Web Bots and Crawlers
Most traffic on one of my websites is from web bots and crawlers.
Introduction
I have started monitoring the Apache httpd access log files on my website conradhalling.com, which is hosted by DreamHost. My conradhalling.com site is a hobby blog site with posts and data that will interest very few people other than me.
But the site is averaging more than a thousand requests a day, and I want to know where the traffic is coming from. For example, on Monday, April 14, 2025, there were 1,523 requests for HTML pages. (My counts ignore requests for auxiliary files such as CSS, JavaScript, font, and image files.)
Analysis and Preliminary Results
I have started building a Python-based tool and database for collecting and analyzing the access log data. In my preliminary analysis, at least 82% of the traffic on the site is from web bots and crawlers. I predict that when my analysis is finished, I will find that more than 95% of the traffic is from web bots and crawlers.
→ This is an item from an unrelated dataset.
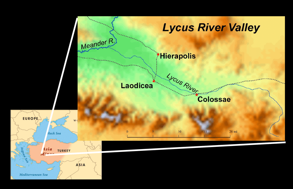 Laodicea is situated in the fertile Lycus River valley, in our modern-day Turkey. Six miles to the north lies the city of Hieropolis, renowned for its medicinal hot springs, which feature a spa dating back to around 200 BC. Eight miles to the east lies Colossae, famous for its refreshing, pure, and cold natural spring water. In contrast, Laodicea had no water source in the city. An aqueduct, cut from stone, transported water from Denizli, 5 miles south.

I will make another report in a week or two when I have completed my analysis.
Self-Identifying Bots
On April 14, 2025, the following self-identifying bots made requests:
Bot | URL |
---|---|
AhrefsBot/7.0 | http://ahrefs.com/robot/ |
Amazonbot/0.1 | https://developer.amazon.com/support/amazonbot |
bingbot/2.0 | http://www.bing.com/bingbot.htm |
Bytespider | https://zhanzhang.toutiao.com/ |
ChatGPT-User/1.0 | https://openai.com/bot |
CheckMarkNetwork/1.0 | http://www.checkmarknetwork.com/spider.html |
DreamHost Data Team | http://www.dreamhost.com/support/ |
facebookexternalhit/1.1 | http://www.facebook.com/externalhit_uatext.php |
Googlebot/2.1 | http://www.google.com/bot.html |
linkbot 1.0 | http://suite.seozoom.it/bot.html |
meta-externalagent/1.1 | https://developers.facebook.com/docs/sharing/webmasters/crawler |
MJ12bot/v1.4.8 | http://mj12bot.com/ |
OAI-SearchBot/1.0 | https://openai.com/searchbot |
SemrushBot/7~bl | http://www.semrush.com/bot.html |
SeznamBot/4.0 | https://o-seznam.cz/napoveda/vyhledavani/en/seznambot-crawler/ |
Anonymous Bots
In addition to self-identifying bots, there are many anonymous bots, some nefarious. Based on their search patterns, I have so far grouped anonymous bots into five categories:
Anonymous Bot Type | Search Pattern |
---|---|
Indexer/Scraper | Identifies HTML pages for indexing and/or scraping |
WordPress Explorer | Tests for the existence of WordPress application, configuration, and data files |
Directory Explorer | Tests for the existence of specific directories |
PHP Explorer | Tests for the existence of specific PHP scripts and configuration files |
Configuration Explorer | Tests for the existence of specific configuration files |
The anonymous explorer bots are wasting bandwidth and energy for the site because they are not finding the files or directories they are looking for.